The problem
For the material below, the expected output is exactly the lines between the line holding "儿童木质数字时钟教具钟表模型早教智力开发学习时间闹钟益智玩具" and the line holding "İçinde sallanan at", inclusive, with pictures left out.

Material supplied

- Opening Delimiter -

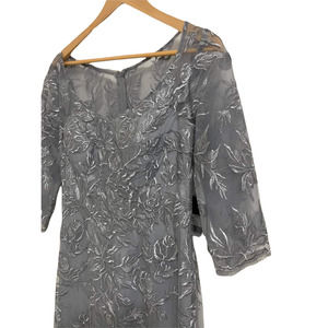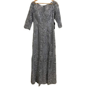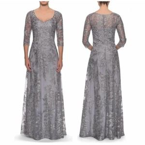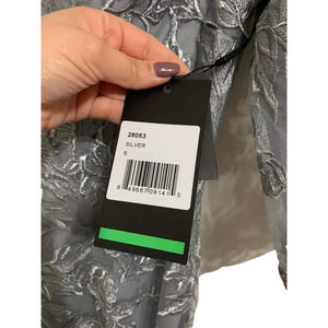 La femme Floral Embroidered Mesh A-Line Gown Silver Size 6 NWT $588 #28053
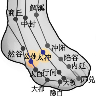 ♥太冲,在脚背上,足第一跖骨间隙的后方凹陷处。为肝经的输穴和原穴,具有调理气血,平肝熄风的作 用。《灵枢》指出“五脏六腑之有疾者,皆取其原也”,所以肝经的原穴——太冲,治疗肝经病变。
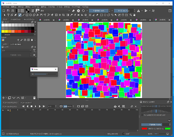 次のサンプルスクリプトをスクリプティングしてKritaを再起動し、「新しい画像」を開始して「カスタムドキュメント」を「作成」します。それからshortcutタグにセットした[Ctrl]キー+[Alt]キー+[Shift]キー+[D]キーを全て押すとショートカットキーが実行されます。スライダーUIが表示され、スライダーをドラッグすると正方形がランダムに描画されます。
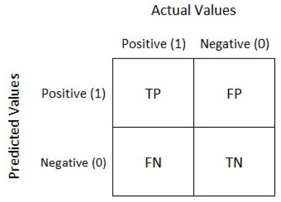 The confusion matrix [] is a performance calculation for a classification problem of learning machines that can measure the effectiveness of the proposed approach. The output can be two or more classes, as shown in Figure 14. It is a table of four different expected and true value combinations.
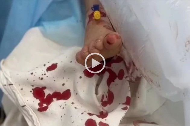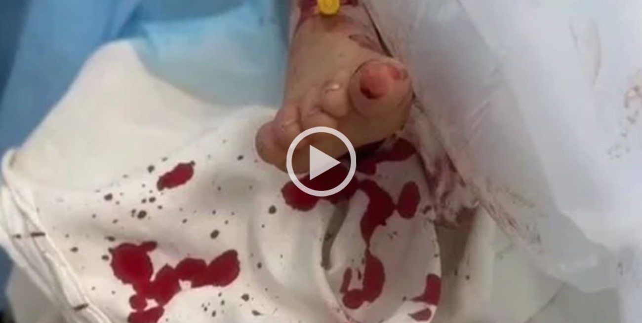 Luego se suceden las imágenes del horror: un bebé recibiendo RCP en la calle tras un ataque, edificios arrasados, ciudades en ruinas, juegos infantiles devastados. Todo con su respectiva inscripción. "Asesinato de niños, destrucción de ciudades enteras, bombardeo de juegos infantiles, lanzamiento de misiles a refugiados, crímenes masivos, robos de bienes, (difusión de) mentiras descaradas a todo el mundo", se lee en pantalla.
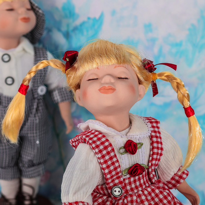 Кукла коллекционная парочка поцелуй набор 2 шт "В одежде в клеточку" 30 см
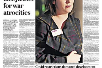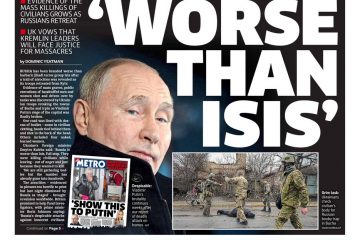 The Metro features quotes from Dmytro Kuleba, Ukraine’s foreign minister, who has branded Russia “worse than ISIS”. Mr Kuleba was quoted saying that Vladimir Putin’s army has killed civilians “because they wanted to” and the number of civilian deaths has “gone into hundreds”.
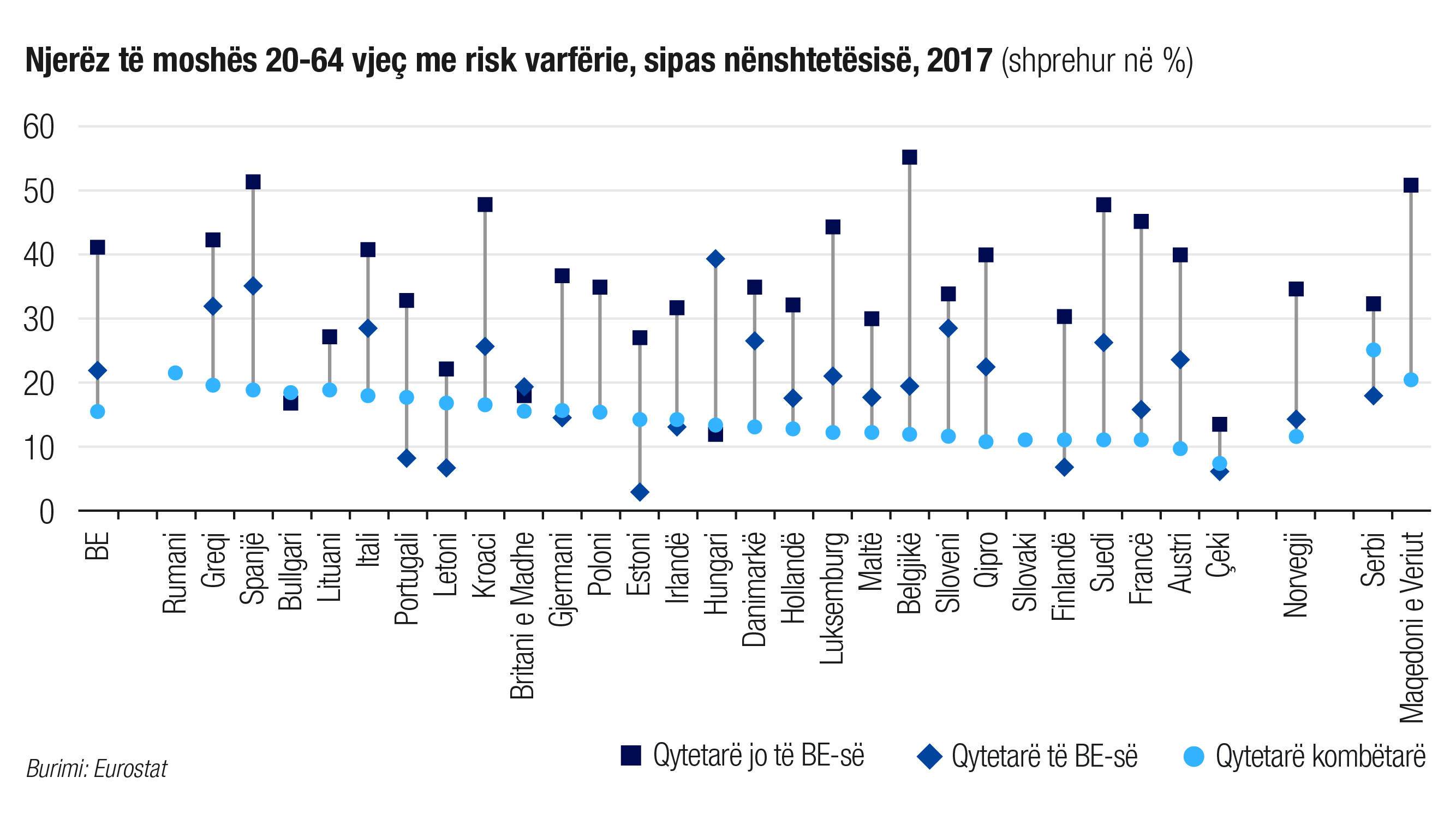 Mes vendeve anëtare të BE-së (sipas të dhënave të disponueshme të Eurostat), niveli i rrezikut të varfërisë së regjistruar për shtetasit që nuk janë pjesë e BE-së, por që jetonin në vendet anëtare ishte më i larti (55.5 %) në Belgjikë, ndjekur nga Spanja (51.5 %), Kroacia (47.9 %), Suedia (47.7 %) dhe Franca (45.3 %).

- Closing Delimiter -
- Opening Delimiter -

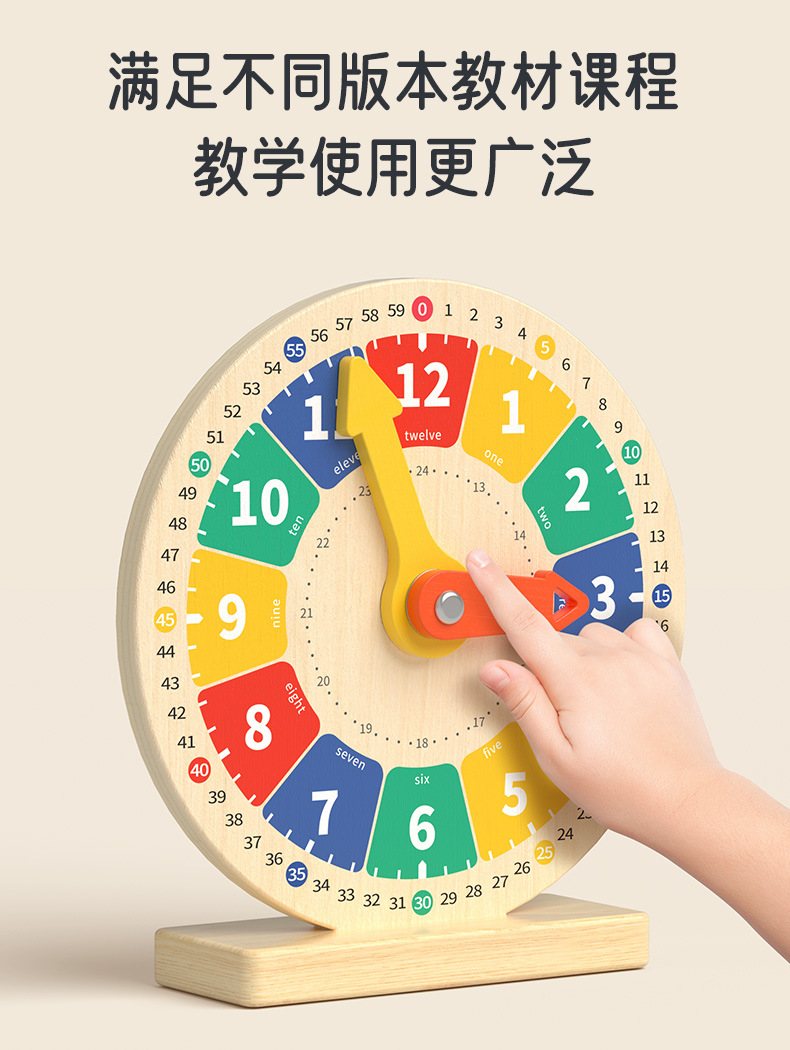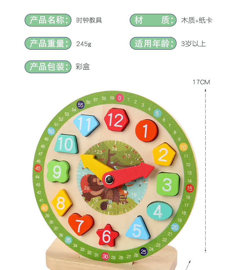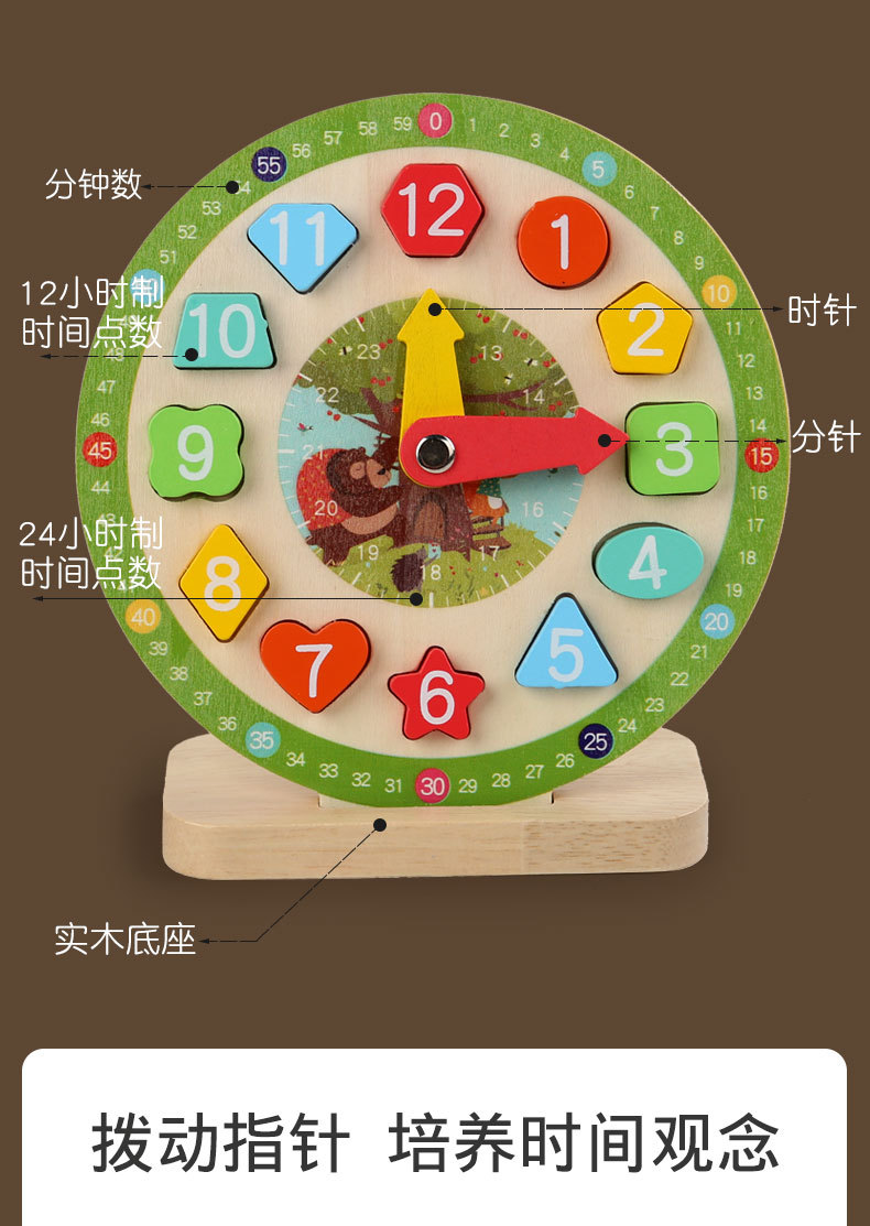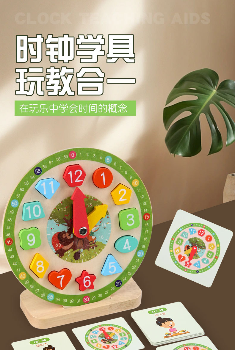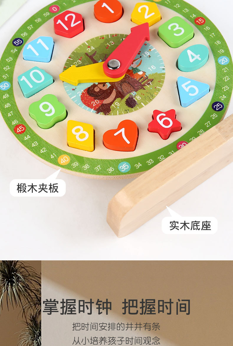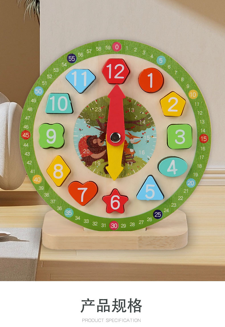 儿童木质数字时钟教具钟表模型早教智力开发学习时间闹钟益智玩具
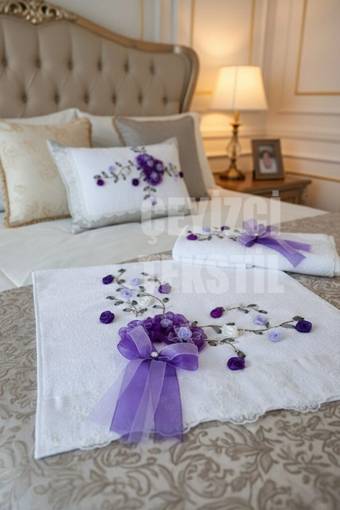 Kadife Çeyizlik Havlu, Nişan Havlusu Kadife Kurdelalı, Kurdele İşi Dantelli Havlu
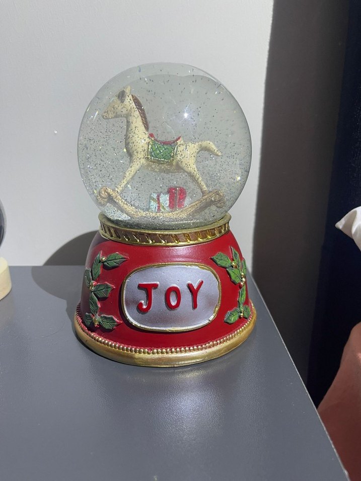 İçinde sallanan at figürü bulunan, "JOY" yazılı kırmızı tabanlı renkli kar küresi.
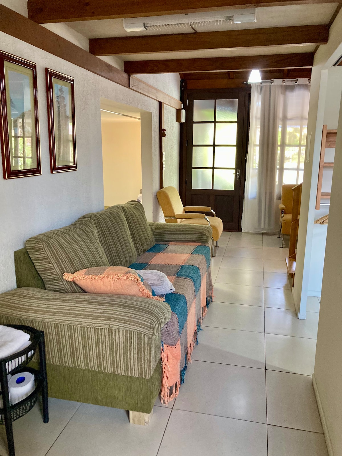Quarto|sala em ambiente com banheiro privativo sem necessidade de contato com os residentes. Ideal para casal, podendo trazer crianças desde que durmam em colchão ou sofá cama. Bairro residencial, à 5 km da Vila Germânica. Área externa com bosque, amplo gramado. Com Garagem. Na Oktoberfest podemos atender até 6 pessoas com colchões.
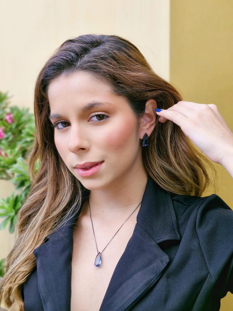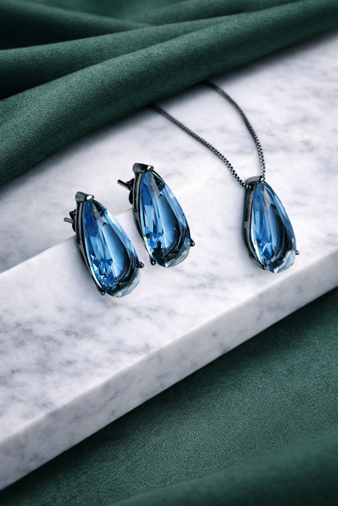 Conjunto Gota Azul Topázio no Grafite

- Closing Delimiter -

Answer section
 儿童木质数字时钟教具钟表模型早教智力开发学习时间闹钟益智玩具
 Kadife Çeyizlik Havlu, Nişan Havlusu Kadife Kurdelalı, Kurdele İşi Dantelli Havlu
 İçinde sallanan at figürü bulunan, "JOY" yazılı kırmızı tabanlı renkli kar küresi.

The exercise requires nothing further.